→ **Supplied material**:

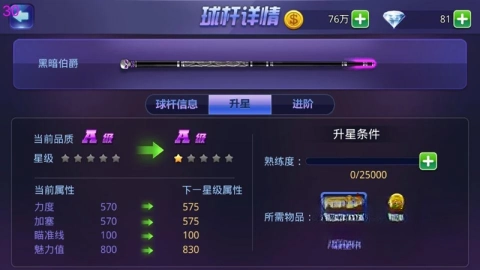 球杆升星需满足两个条件:一是对应等级的星木,二是球杆熟练度。具体操作时,要先把球杆的熟练度提升到满值,同时准备好足够数量的同等级星木,这样就能完成升星了。
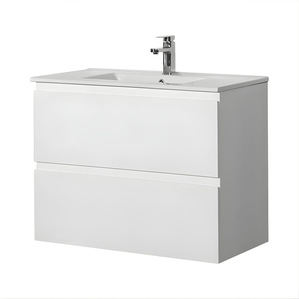 POSEIDON RIVA GLOSS WHITE 900MM SINGLE BOWL WALL HUNG VANITY
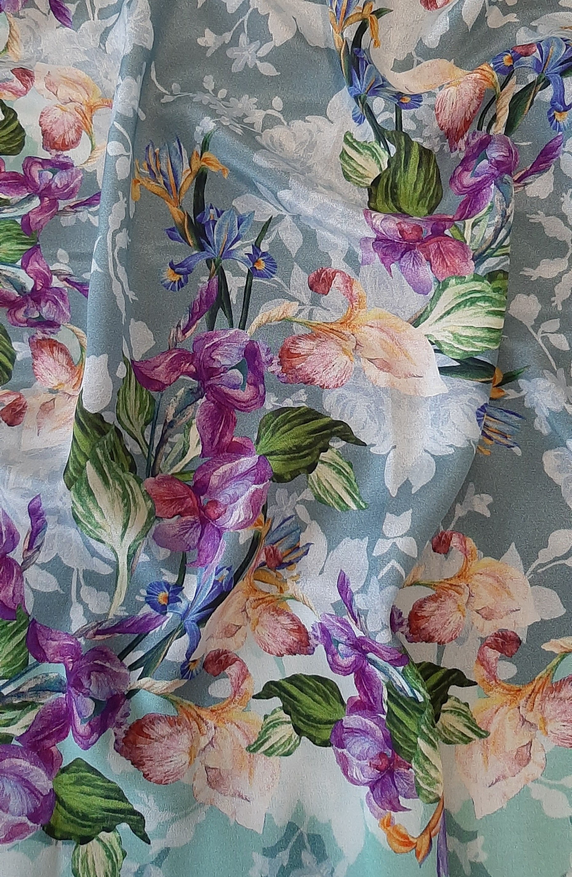 В результате случилась любовь с первого прикосновения. Соблазнило еще и то, что это был последний экземпляр платка в магазине. Подрубка идеальная, ни на одном моем шелковом платке пп мануфактуры такой качественной обработки края нет.

→ **Instructions to follow**:
Transcribe each line above exactly, pictures excluded.

→ **Solution to the problem**:
 球杆升星需满足两个条件:一是对应等级的星木,二是球杆熟练度。具体操作时,要先把球杆的熟练度提升到满值,同时准备好足够数量的同等级星木,这样就能完成升星了。
 POSEIDON RIVA GLOSS WHITE 900MM SINGLE BOWL WALL HUNG VANITY
 В результате случилась любовь с первого прикосновения. Соблазнило еще и то, что это был последний экземпляр платка в магазине. Подрубка идеальная, ни на одном моем шелковом платке пп мануфактуры такой качественной обработки края нет.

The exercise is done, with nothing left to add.